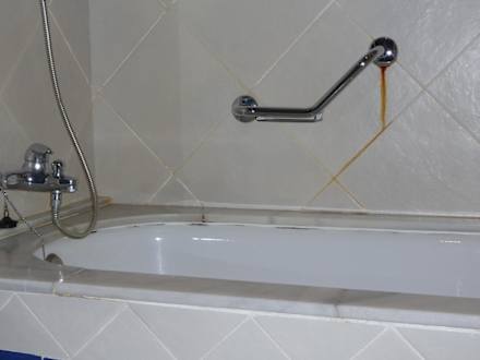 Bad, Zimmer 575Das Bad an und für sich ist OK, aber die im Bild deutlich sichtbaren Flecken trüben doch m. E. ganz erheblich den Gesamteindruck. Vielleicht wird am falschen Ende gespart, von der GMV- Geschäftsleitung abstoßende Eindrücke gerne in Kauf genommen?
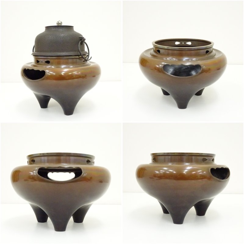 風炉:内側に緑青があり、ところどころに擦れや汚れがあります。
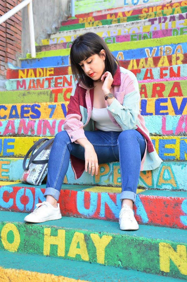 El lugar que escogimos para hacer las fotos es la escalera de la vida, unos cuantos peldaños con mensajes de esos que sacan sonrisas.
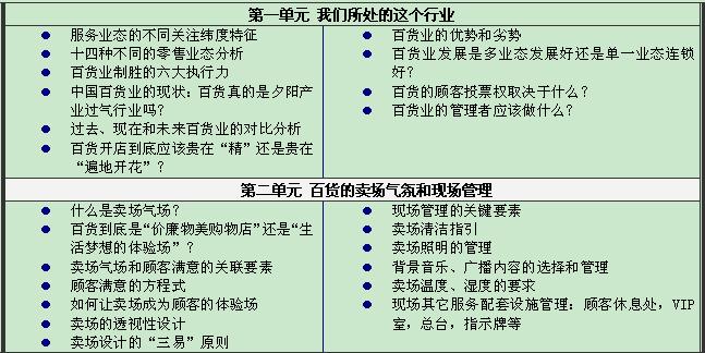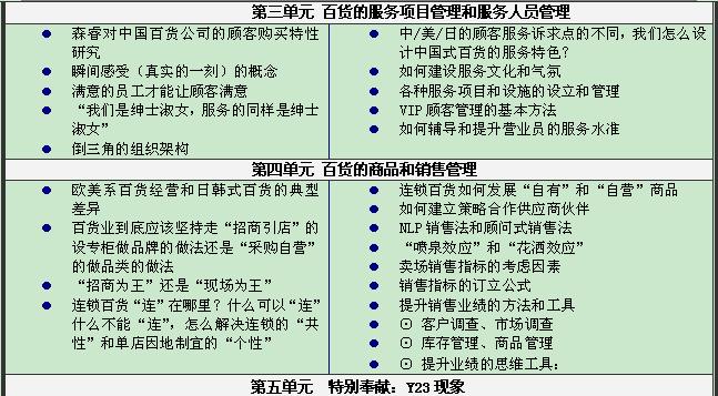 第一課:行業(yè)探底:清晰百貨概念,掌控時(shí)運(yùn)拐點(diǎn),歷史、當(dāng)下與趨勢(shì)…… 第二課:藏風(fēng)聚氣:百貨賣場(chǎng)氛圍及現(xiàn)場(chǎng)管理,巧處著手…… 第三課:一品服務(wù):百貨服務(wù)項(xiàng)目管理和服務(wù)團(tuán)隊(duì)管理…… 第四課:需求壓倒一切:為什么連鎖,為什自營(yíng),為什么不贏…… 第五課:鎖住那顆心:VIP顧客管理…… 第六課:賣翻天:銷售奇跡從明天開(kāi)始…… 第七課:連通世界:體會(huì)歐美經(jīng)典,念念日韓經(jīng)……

------------------------------------------------------------

**TASK TO COMPLETE**:
When you transcribe the lines above, keep every word exact but leave the pictures behind.

**EXERCISE SOLUTION**:
 Bad, Zimmer 575Das Bad an und für sich ist OK, aber die im Bild deutlich sichtbaren Flecken trüben doch m. E. ganz erheblich den Gesamteindruck. Vielleicht wird am falschen Ende gespart, von der GMV- Geschäftsleitung abstoßende Eindrücke gerne in Kauf genommen?
 風炉:内側に緑青があり、ところどころに擦れや汚れがあります。
 El lugar que escogimos para hacer las fotos es la escalera de la vida, unos cuantos peldaños con mensajes de esos que sacan sonrisas.
 第一課:行業(yè)探底:清晰百貨概念,掌控時(shí)運(yùn)拐點(diǎn),歷史、當(dāng)下與趨勢(shì)…… 第二課:藏風(fēng)聚氣:百貨賣場(chǎng)氛圍及現(xiàn)場(chǎng)管理,巧處著手…… 第三課:一品服務(wù):百貨服務(wù)項(xiàng)目管理和服務(wù)團(tuán)隊(duì)管理…… 第四課:需求壓倒一切:為什么連鎖,為什自營(yíng),為什么不贏…… 第五課:鎖住那顆心:VIP顧客管理…… 第六課:賣翻天:銷售奇跡從明天開(kāi)始…… 第七課:連通世界:體會(huì)歐美經(jīng)典,念念日韓經(jīng)……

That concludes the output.